**What needs to be done**.
Output exactly the lines below, starting with the line that has "Louis-style armchairs add" and going on through the line that has "Bonito fiesta azul", both included, and no other lines.
[[ Exercise materials open ]]
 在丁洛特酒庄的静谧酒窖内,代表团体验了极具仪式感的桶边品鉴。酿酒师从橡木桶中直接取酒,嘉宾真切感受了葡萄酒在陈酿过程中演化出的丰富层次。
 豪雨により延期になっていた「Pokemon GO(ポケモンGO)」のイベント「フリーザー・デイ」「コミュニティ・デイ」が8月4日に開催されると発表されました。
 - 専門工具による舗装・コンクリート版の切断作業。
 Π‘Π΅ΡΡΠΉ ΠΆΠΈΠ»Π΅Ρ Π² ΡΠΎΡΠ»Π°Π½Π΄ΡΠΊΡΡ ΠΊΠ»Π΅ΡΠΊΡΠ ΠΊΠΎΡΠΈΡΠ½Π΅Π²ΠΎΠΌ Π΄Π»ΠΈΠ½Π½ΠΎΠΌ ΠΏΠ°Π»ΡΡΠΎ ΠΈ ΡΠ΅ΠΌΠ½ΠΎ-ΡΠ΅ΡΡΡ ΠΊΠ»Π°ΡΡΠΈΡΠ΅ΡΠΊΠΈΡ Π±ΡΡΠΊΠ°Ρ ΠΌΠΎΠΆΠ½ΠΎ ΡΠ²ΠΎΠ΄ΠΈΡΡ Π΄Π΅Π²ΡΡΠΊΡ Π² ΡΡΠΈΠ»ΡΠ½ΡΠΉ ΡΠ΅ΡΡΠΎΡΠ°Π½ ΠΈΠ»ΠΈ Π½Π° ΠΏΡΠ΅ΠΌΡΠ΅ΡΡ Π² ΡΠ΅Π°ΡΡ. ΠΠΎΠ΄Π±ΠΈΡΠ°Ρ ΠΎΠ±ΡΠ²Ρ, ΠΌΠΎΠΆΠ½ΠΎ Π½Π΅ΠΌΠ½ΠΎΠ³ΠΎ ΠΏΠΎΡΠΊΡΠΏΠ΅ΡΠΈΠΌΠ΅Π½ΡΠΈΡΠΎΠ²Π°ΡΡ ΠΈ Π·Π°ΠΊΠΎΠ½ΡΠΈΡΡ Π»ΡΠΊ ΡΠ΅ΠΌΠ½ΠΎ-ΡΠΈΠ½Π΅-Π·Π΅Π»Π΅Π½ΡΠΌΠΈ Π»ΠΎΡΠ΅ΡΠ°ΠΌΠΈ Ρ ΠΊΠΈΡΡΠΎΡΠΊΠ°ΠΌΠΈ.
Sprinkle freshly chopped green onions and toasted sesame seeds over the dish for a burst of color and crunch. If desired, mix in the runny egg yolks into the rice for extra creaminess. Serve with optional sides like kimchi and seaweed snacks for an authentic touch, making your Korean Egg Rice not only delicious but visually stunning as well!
[[ Exercise materials closed ]]
[[ Exercise materials open ]]
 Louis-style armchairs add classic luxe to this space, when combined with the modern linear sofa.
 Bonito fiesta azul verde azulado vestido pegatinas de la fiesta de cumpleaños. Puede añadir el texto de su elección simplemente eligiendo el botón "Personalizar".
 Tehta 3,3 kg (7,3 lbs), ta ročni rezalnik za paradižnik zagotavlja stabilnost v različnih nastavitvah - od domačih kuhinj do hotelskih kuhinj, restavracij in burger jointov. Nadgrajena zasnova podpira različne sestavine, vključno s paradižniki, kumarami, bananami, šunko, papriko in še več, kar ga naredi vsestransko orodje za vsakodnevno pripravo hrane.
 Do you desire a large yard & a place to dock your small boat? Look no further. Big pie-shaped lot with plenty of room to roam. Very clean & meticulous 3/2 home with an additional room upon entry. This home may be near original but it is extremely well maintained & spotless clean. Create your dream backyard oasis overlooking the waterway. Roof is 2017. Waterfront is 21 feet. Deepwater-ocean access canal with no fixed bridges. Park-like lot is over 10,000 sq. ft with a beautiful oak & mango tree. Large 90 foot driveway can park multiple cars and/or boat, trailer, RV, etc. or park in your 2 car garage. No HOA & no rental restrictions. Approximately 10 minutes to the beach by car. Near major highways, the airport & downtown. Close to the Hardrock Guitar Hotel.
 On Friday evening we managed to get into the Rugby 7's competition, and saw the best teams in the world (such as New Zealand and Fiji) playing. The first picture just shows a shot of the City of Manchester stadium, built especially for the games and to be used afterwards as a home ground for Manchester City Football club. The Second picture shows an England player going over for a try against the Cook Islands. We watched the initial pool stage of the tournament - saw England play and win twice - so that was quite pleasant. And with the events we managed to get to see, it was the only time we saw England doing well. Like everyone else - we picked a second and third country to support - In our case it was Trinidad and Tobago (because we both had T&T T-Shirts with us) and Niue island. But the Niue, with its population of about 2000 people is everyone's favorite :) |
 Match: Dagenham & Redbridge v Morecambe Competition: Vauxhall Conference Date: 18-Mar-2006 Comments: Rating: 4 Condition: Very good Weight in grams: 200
[[ Exercise materials closed ]]
**Your response**.
 Louis-style armchairs add classic luxe to this space, when combined with the modern linear sofa.
 Bonito fiesta azul verde azulado vestido pegatinas de la fiesta de cumpleaños. Puede añadir el texto de su elección simplemente eligiendo el botón "Personalizar".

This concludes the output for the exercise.